══ SUPPLIED DATA
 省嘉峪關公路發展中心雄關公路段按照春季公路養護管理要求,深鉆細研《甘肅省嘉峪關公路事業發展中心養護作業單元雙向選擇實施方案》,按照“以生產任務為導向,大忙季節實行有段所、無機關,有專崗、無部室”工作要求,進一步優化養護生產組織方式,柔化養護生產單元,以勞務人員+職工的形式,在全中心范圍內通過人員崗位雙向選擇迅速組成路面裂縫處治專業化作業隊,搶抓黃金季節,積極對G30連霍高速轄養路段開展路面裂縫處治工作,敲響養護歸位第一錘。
════
══ SUPPLIED DATA
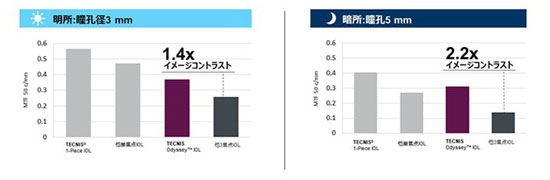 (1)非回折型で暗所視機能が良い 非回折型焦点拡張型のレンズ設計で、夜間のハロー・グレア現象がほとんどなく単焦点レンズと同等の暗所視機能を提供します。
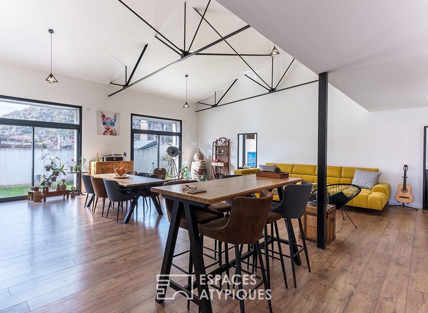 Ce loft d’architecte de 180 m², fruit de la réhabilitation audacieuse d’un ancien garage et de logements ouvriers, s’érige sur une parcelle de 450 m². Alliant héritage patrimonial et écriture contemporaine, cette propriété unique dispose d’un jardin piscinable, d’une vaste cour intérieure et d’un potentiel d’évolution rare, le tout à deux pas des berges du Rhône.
════
EXERCISE REQUIREMENTS: With pictures omitted, repeat the entries above word for word from the line holding "(1)非回折型で暗所視機能が" down to the line holding "Ce loft d’architecte", keeping both of those lines.

SOLUTION FOR THIS EXERCISE:
 (1)非回折型で暗所視機能が良い 非回折型焦点拡張型のレンズ設計で、夜間のハロー・グレア現象がほとんどなく単焦点レンズと同等の暗所視機能を提供します。
 Ce loft d’architecte de 180 m², fruit de la réhabilitation audacieuse d’un ancien garage et de logements ouvriers, s’érige sur une parcelle de 450 m². Alliant héritage patrimonial et écriture contemporaine, cette propriété unique dispose d’un jardin piscinable, d’une vaste cour intérieure et d’un potentiel d’évolution rare, le tout à deux pas des berges du Rhône.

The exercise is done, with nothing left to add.